Each service is fully contained in a directory. Usually there are at least a docker-compose.yml and an .env.example file. All data is persistet in the service's data/ direcrtory. Traefik is the reverse proxy for all the services. To start a service simply cp .env.example .env edit it to your likes, add the service name to the SERVICES variable in the root .env file and run ./script.sh up -d. This script simply applies all passed parameters to docker compose executed in each service`s directory specified in the .env file.

• server running docker
• domain (get a free one at https://www.freenom.com/)
• DNS A-record wildcard pointing to your servers IP (e.g. 192.168.1.2)

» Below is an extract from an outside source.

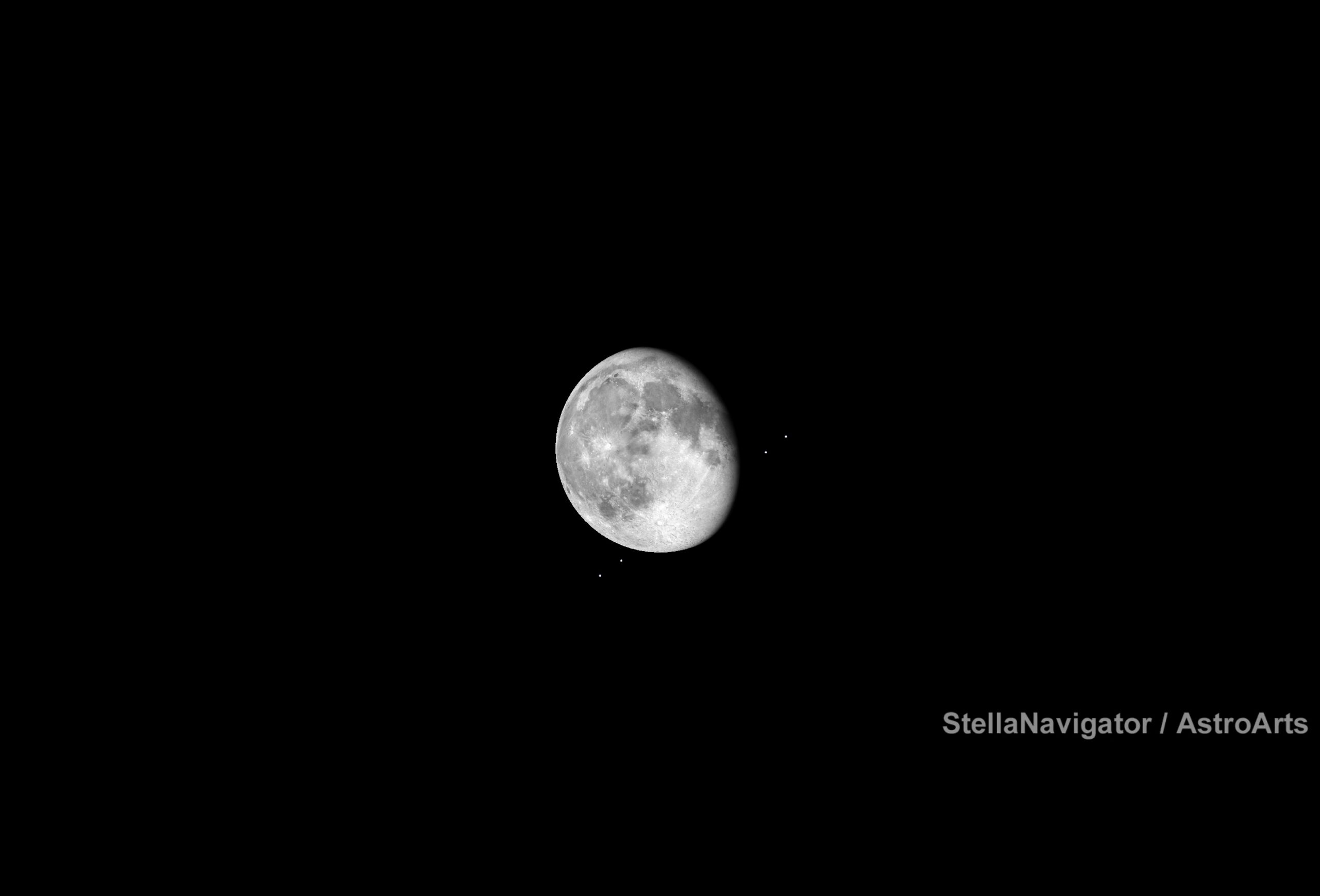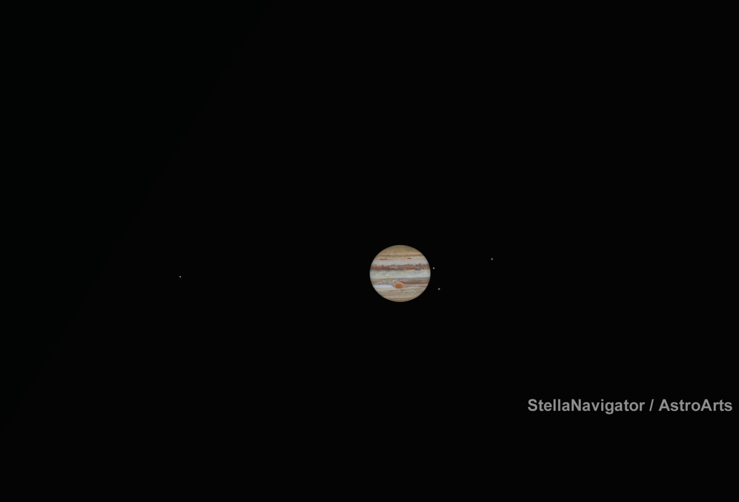 衝とは、惑星が地球から見て太陽とは反対方向に位置することを言います。月で言えば満月にあたり、一晩中見えることになります。そしてこの日以降、徐々に昇る時刻が早くなっていき、宵の空で見やすくなっていくのです。なので、1月10日にこだわる必要はありませんが、今月から春先にかけて、木星が見頃というのを覚えておいてください。下の画像はシミュレーションソフトで描画した2026年1月10日21時の木星の様子です。

Not all DNS providers support wildcard A-records, https://www.digitalocean.com/ does. Sign up and point your domain's NS-records to digitalocean's nameservers. It is free.

cp .env.example .env
cd services/traefik
cp .env.example .env

Change the DOMAIN in .env and edit DOMAIN, ACME_EMAIL and DO_AUTH_TOKEN in services/traefik/.env. You can get a DO_AUTH_TOKEN here https://cloud.digitalocean.com/account/api/tokens

To test if you can get a certificate from letsencrypt uncomment the line about the staging server in services/traefik/docker-compose.yml by removing the # sign.

Run

docker network create dirtybit
./script.sh up -d

wait till all images are pulled, build and a certificate retrieved. Then you can access nextcloud and gogs via your browser. If your browser warns you about an unknown certificate authority accept the risk because you know it is a staging certificate or maybe a self signed certificate from traefik. In the latter case you still need to wait a minute till your letsencrypt certificate is issued or you have an error somewhere. Check docker compose logs -f traefik to view the logs of traefik. If everything worked alright, just comment out the one line in traefik's docker-compose.yml and run the script again to get a valid certificate.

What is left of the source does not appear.